WORK TO COMPLETE: Give a faithful, exact copy of all entries, minus the images.

(Stored items)
################

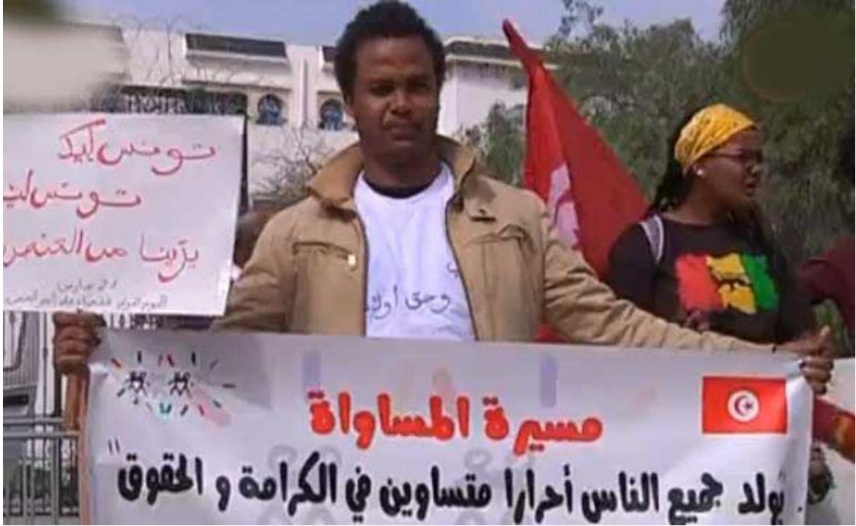
صورة تم التقاطها خلال مسيرة المساواة التي جمعت العشرات في تونس العاصمة 21 مارس 2014
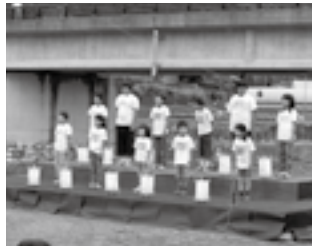
灯籠点灯セレモニーで熱唱する児童

この催しは、目黒の里ホテル愛好会が主催、目黒部落や四国風景づくりの会等の協力で南小学校周辺を会場に行われ町内外から大勢の人が参加しました。地元有志によるバザーや大学生の畦道カフェも設置され、目黒米のおにぎり、豚汁、アマゴの塩焼きなどふるさとの味が人気を呼んでいました。南小学校全校生徒12名がトンボやカニなどを描いてつくった灯籠も農
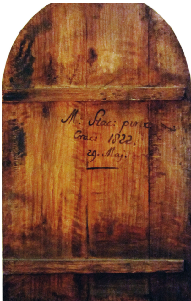
Odwrócenie obrazu św. Leonarda na elewacji frontowej kościoła Franciszkanów Reformatów w Krakowie, fot. Maria Lisowska-Dziuba, 1997
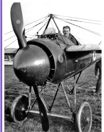
Morane-Saulnier Type N

Votre avis nous intéresse Asso.ms@socata.eads.net
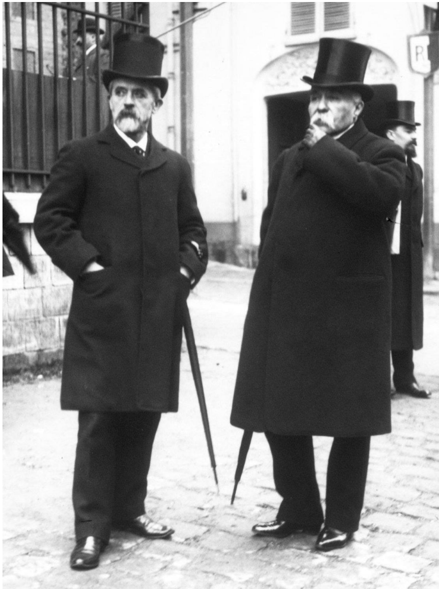
Louis Lépine (à gauche) et Georges Clémenceau en 1908

Ce village ligérien « de caractère » à l'image de son illustre habitant, lui rend hommage par une place à son nom au cœur du bourg et près du Musée de la Fourme et des Traditions .
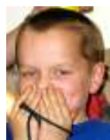
Akční hrdina Vlč

Otočte na další stranu, tady již nic není.

################

SOLUTION TO THE EXERCISE:
صورة تم التقاطها خلال مسيرة المساواة التي جمعت العشرات في تونس العاصمة 21 مارس 2014
灯籠点灯セレモニーで熱唱する児童

この催しは、目黒の里ホテル愛好会が主催、目黒部落や四国風景づくりの会等の協力で南小学校周辺を会場に行われ町内外から大勢の人が参加しました。地元有志によるバザーや大学生の畦道カフェも設置され、目黒米のおにぎり、豚汁、アマゴの塩焼きなどふるさとの味が人気を呼んでいました。南小学校全校生徒12名がトンボやカニなどを描いてつくった灯籠も農
Odwrócenie obrazu św. Leonarda na elewacji frontowej kościoła Franciszkanów Reformatów w Krakowie, fot. Maria Lisowska-Dziuba, 1997
Morane-Saulnier Type N

Votre avis nous intéresse Asso.ms@socata.eads.net
Louis Lépine (à gauche) et Georges Clémenceau en 1908

Ce village ligérien « de caractère » à l'image de son illustre habitant, lui rend hommage par une place à son nom au cœur du bourg et près du Musée de la Fourme et des Traditions .
Akční hrdina Vlč

Otočte na další stranu, tady již nic není.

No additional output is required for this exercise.